Defendant also appears to argue the ALJ considered Plaintiff's work history in evaluating her symptom claims. (Doc. No. 15 at 7). However, the portion of the decision cited by Defendant in support of this argument is the ALJ's finding at step one of the sequential evaluation process that plaintiff worked after her onset date but it did not rise to the level of substantial gainful activity. (AR 19). The Court is not permitted to consider this reasoning as it was not offered by the ALJ as a reason to reject Plaintiff's symptom claim testimony. See Bray v. Comm'r of Soc. Sec. Admin., 554 F.3d 1219, 1226 (9th Cir.2009) (the Court “review[s] the ALJ's decision based on the reasoning and factual findings offered by the ALJ- not post hoc rationalizations that attempt to intuit what the adjudicator may have been thinking.”).
Based on the foregoing, the Court finds that the ALJ provided clear and convincing reasons, supported by substantial evidence, for rejecting Plaintiff's symptom claim testimony.
VIII. CONCLUSION
A reviewing court should not substitute its assessment of the evidence for the ALJ's. Tackett, 180 F.3d at 1098. To the contrary, a reviewing court must defer to an ALJ's assessment as long as it is supported by substantial evidence. 42 U.S.C. § 405(g). As discussed in detail above, the ALJ properly considered Plaintiff's symptom claims. After review, the Court finds the ALJ's decision is supported by substantial evidence and free of harmful legal error.

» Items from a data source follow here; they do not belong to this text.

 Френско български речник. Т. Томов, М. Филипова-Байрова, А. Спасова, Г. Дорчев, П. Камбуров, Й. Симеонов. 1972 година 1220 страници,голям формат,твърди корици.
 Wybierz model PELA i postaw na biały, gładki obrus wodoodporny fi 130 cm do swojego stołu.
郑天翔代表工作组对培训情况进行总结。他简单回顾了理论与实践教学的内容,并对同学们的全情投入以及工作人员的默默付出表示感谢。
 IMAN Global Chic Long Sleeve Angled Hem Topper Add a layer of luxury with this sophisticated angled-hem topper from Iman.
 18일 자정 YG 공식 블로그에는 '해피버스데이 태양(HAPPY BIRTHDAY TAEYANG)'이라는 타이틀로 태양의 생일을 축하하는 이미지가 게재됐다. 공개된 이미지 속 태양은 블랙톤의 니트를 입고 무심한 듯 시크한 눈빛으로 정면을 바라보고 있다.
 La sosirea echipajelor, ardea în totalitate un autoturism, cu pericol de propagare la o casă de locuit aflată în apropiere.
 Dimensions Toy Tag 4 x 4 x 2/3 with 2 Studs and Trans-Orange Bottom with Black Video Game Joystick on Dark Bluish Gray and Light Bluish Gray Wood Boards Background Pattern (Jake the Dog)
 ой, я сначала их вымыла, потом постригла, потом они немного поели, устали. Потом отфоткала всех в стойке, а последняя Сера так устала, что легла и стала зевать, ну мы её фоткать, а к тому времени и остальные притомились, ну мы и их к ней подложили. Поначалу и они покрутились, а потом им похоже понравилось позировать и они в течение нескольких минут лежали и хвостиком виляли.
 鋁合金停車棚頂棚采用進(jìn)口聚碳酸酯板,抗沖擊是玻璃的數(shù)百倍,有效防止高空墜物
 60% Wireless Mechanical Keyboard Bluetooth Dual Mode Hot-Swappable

Accordingly, it is ORDERED:
1. Plaintiff's Motion for Summary Judgment (Doc. No. 13) is DENIED. 2. Defendant's Cross Motion for Summary Judgment (Doc. No. 15) is GRANTED and 11 the decision of the Commissioner of Social Security is AFFIRMED for the reasons set forth above. 3. The Clerk is directed to enter judgment in favor of the Commissioner of Social Security, terminate any pending motions/deadlines, and close this case.